> **WHAT YOU HAVE TO DO**
Beneath this line are entries. Copy the range from the line with "Elegantný štýlový rhodiovaný" to the line with "Die Christbaumkugel mit", ends included, exactly; leave pictures out.

> **SOURCE DATA**

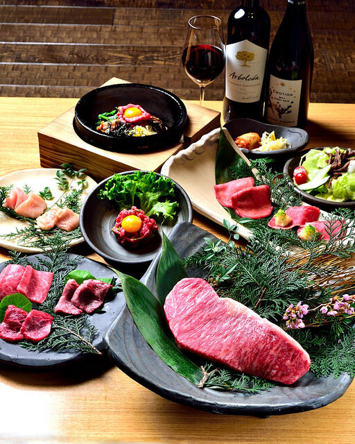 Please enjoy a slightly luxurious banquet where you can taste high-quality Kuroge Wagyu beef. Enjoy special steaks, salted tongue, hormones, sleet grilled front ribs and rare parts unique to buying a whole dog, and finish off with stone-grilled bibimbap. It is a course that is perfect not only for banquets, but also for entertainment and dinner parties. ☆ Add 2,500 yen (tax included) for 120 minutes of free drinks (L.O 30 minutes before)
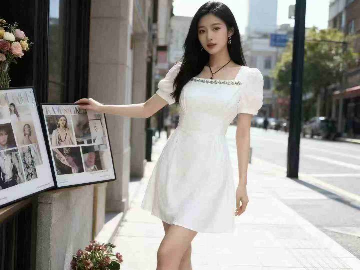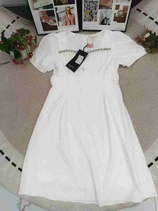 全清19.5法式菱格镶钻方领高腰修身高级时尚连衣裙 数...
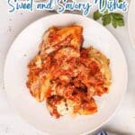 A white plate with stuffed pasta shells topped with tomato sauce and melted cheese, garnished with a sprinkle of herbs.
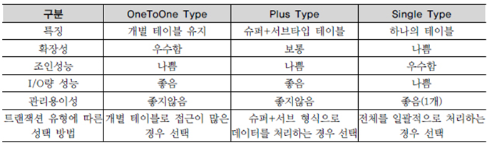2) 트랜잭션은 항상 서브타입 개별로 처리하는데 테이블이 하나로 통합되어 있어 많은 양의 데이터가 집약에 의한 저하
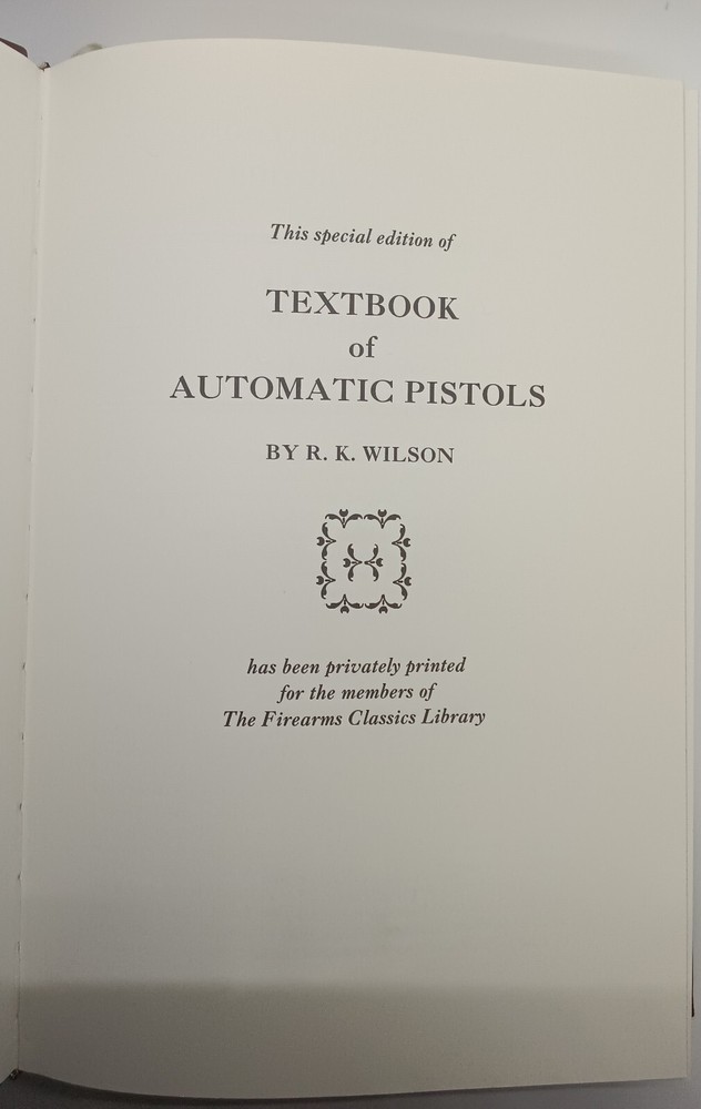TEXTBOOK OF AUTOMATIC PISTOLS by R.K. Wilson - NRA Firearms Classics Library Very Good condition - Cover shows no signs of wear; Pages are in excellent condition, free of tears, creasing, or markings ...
---
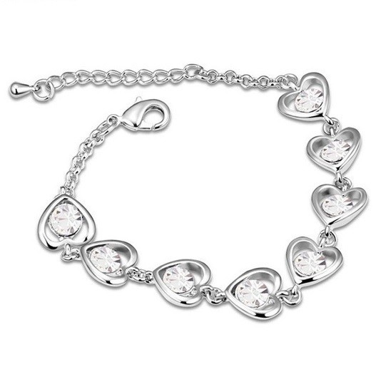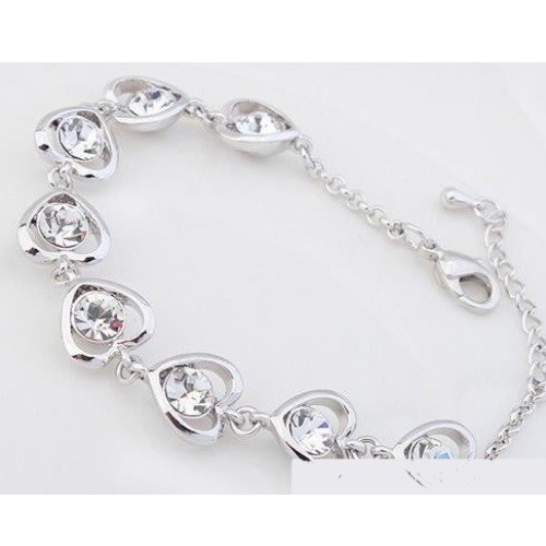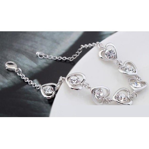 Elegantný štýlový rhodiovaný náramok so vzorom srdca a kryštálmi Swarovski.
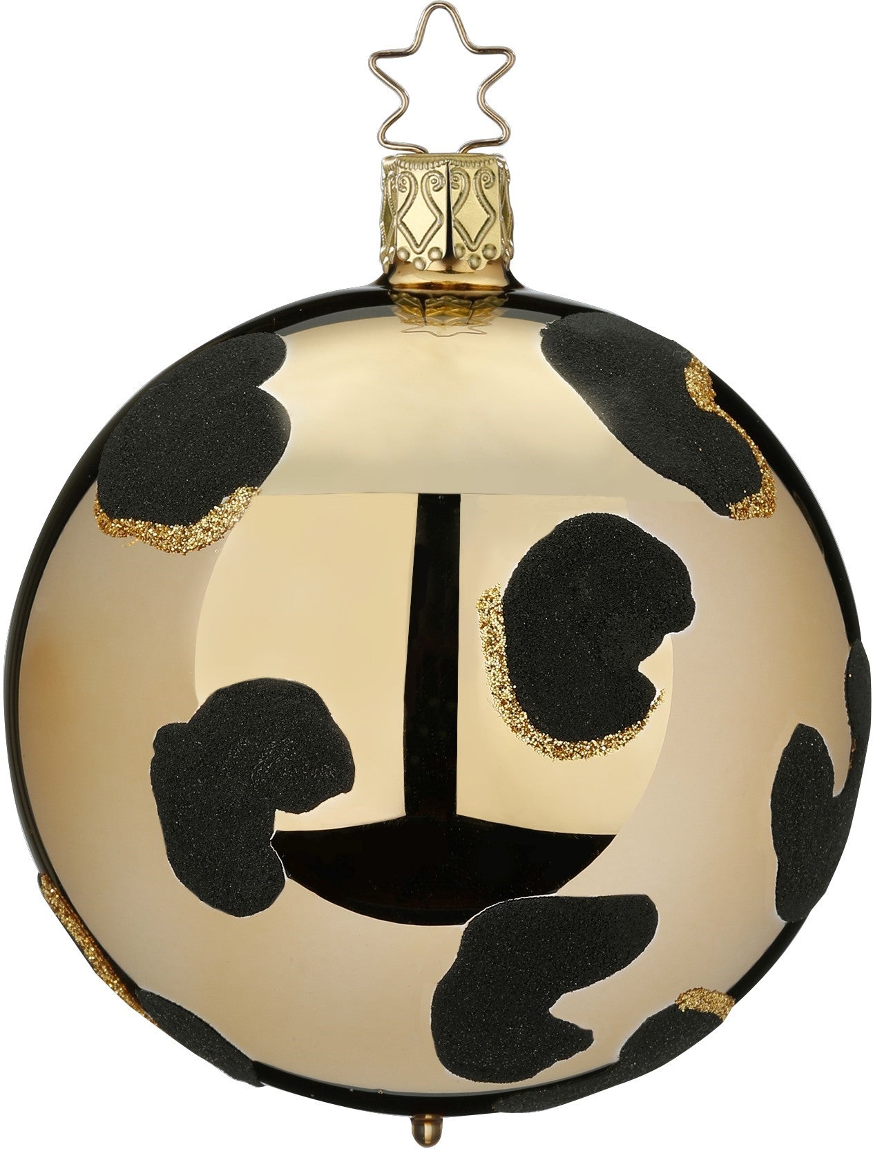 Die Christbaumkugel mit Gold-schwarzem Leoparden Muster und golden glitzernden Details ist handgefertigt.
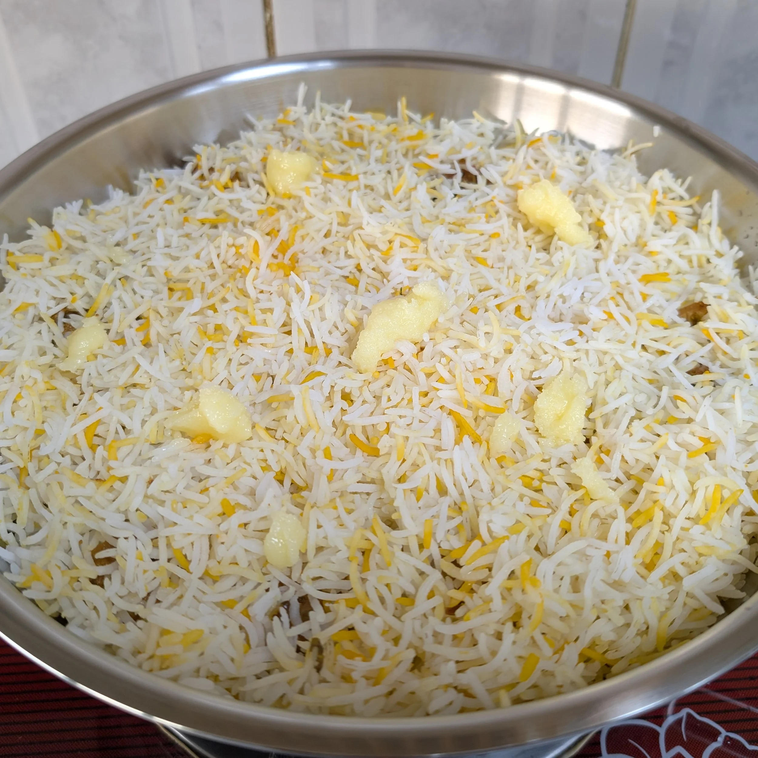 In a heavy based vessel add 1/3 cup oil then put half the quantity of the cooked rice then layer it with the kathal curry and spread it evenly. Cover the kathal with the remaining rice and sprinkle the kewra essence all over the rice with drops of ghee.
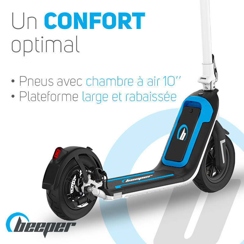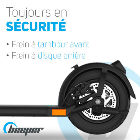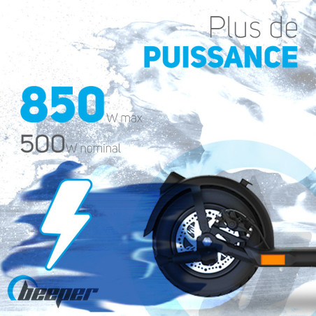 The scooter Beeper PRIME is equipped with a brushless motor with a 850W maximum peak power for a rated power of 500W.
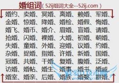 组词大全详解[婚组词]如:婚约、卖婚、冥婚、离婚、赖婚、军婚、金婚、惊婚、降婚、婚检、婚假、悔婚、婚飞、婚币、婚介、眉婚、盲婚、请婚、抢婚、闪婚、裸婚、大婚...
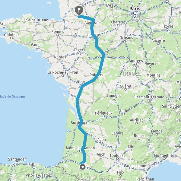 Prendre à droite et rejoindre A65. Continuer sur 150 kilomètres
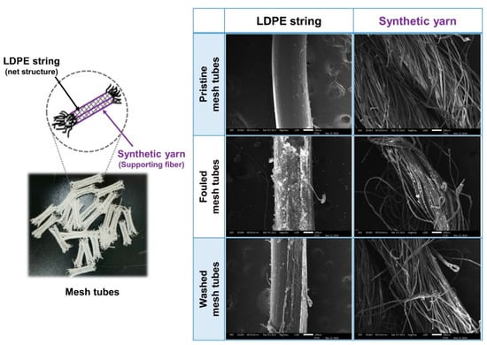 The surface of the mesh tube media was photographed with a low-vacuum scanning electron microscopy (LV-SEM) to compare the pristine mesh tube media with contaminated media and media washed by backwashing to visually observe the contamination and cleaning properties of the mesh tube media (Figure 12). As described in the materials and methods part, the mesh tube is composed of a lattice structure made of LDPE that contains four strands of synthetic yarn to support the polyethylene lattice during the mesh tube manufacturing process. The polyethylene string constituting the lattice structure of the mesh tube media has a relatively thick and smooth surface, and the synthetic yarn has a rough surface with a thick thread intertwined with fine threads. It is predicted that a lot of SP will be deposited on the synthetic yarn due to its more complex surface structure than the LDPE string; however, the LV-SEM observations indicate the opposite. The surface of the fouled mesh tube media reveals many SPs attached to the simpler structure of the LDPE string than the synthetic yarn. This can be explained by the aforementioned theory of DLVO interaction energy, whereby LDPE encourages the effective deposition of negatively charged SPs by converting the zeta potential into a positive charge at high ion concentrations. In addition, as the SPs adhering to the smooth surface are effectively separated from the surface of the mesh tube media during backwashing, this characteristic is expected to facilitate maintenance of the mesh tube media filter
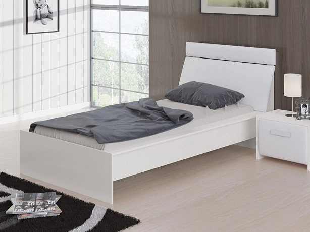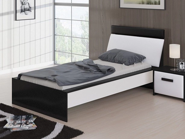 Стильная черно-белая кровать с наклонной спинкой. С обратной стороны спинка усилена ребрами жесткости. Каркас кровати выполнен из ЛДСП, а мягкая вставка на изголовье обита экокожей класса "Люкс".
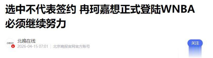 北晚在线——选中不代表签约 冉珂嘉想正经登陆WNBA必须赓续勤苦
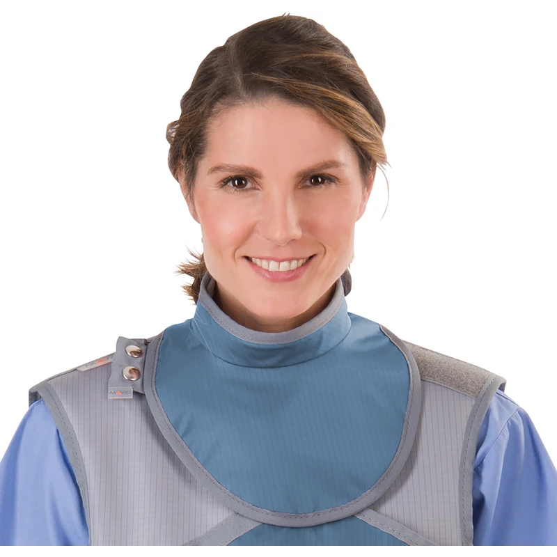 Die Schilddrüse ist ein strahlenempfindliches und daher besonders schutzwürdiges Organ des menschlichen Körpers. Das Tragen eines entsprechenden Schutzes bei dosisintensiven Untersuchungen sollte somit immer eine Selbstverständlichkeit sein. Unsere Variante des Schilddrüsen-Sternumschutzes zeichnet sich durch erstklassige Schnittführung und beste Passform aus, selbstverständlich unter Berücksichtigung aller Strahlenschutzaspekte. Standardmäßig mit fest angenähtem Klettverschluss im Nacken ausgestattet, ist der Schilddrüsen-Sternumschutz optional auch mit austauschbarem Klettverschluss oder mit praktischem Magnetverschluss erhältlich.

> **ANSWER FOR THE TASK**
 Elegantný štýlový rhodiovaný náramok so vzorom srdca a kryštálmi Swarovski.
 Die Christbaumkugel mit Gold-schwarzem Leoparden Muster und golden glitzernden Details ist handgefertigt.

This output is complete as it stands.